To nie jest pierwszy mecz, w który nie wkładamy pełnego wysiłku. Kilka ostatnich gier tak wyglądało, że w polskiej lidze zespół nie zagrał tak jak należy. A to był jeden z takich meczów, na które musimy być przygotowani w pucharze lub w playoffach” – mówił chorwacki trener Zastalu.
Janis Berzins, który spadł za 5 fauli choć wcześniej kilka razy błysnął mówił tak:
„Źle rozpoczęliśmy mecz, nie byliśmy w 100-procentowej gotowości do gry, nie trafialiśmy łatwych rzutów za to daliśmy im trafić rzuty, które pozwoliły im zyskać pewność siebie. I dzięki temu cały czas byli na fali.

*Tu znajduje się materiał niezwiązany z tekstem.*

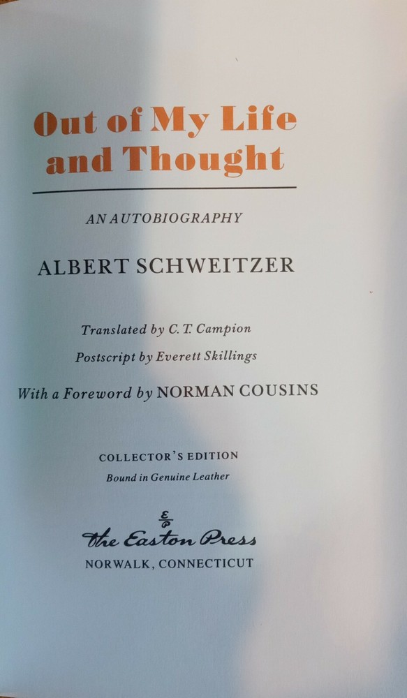 Easton Press Out Of My Life And Thought Albert Schweitzer Leather Collect 1989 Smoke free home...

Graliśmy za miękko pod koszem. Nie trafiliśmy łatwych rzutów. Gratuluję rywalowi, grali solidnie, a dla nas to będzie dobra lekcja„.
Poprosiliśmy też o komentarz Łukasza Koszarka – ten krótko skomentował wydarzenia na parkiecie:
Zastalowcy nie mają znów ani chwili odpoczynku.
W piątek o 6 rano ruszają do Kaliningradu, stamtąd mają lecieć do Sankt Petersburga i dalej do Permu na ligę VTB. W niedzielę zagrają tam z Parmą. Potem mają się przenieść do Saratowa na mecz z Awtodorem, który ma się odbyć w środę 23 grudnia.
I tu jest mały znak zapytania. Zastal niecierpliwie czeka na jutro – jutro w czasie jazdy w kierunku rosyjskiej granicy klub dostanie wyniki testów na koronawirusa.
Dziś w hali natomiast nie pojawili się Marcel Ponitka i Blake Reynolds. Według informacji od przedstawicieli klubu obaj źle się czuli, mieli gorączkę. Jeśli jutro okazałoby się, że testy wyjdą pozytywnie to…no właśnie nie do końca wiadomo.
W klubie nie udało nam się uzyskać odpowiedzi na to pytanie. Czekamy na jutro trzymając kciuki za zdrowie naszych graczy.